Auld believes CHRISTUS Spohn is successful because of the balance it achieves with both the project team’s needs and those of the community.

“I have worked almost exclusively in health care construction for 15 years, and CHRISTUS Spohn is the most community-minded hospital I have worked with,” Auld says. “Their team was constantly mindful of the community and what was best for Corpus Christi and the surrounding regions served.”

When the PATH project was first announced, CHRISTUS Spohn held town meetings and has maintained open lines of communication with the community throughout construction. “At the end of the day, we are building these facilities for our community to use, and we’ve tried to keep them involved in the process as much as we can,” Connor says.

CHRISTUS Spohn regularly starts “meetings with a reflective moment, and the team was very thoughtful about preserving the existing theological relics by designing a new sanctuary centered in the main lobby,” Auld recalls. “Institutions like CHRISTUS Spohn that hold to their faith-based traditions are a rare breed—it is refreshing to see them standing strong in their faith.”

Outreach to the less fortunate is another cornerstone of the health care provider’s Coastal Bend work.

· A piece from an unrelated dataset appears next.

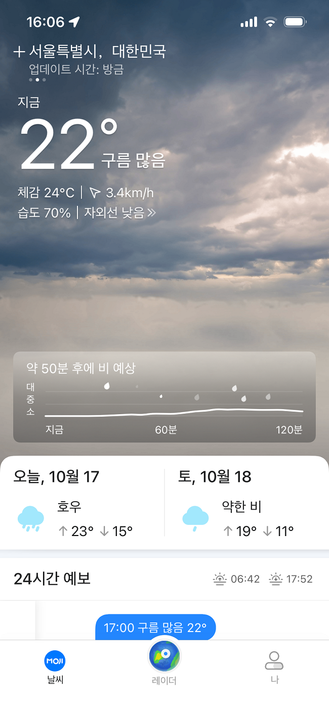 MojiWeather는 인터페이스를 설계함에 있어 한국 사용자의 사용 습관을 심층적으로 결합시켰다. 메인 화면은 간결하고 직관적이며 ‘현재 온도, 풍력, 습도 및 24시간 예보’ 등 핵심 정보를 디폴트로 표시하여 사용자는 복잡한 조작을 하지 않고도 빠르고 쉽게 날씨 데이터를 획득할 수 있으며, 이를 통해 시간을 절약하고 노력을 줄일 수 있다.
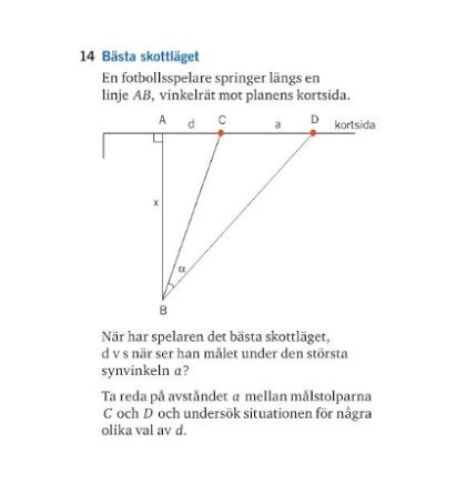 Hej! Jag försöker lösa denna uppgiften, har läst mig fram till att det bästa skottläget ges med högst gradantal, som är vinkel a med 15,15°då d är 20 , men i resultatet har man använt sig utav olika värden på d och skrivit att avståndet 25 på d ger vinkeln 23,9°. Varför står det då att svaret är 15,15° när de tidigare fått fram en större vinkel?

That includes community partnerships, charity care, toy drives, educational events and fundraisers. CHRISTUS Spohn uses its CareVan to bring health care to people who have travel or financial limitations. Four days a week, the CareVan transports a nurse practitioner to help patients with prenatal care, treatment of minor illnesses and wellness education. In 2015, the CareVan team cared for more than 3,000 uninsured, underserved individuals and provided nearly 1,000 flu shots.

For the moment, CHRISTUS Spohn is focused on completing work on its master facility plan. Those efforts have led to the expanded women’s services program at the Corpus Christi-South Hospital as well as an expanded cancer program. In addition, clinics have opened at hospitals in Kingsville, Alice and Beeville, Connor notes.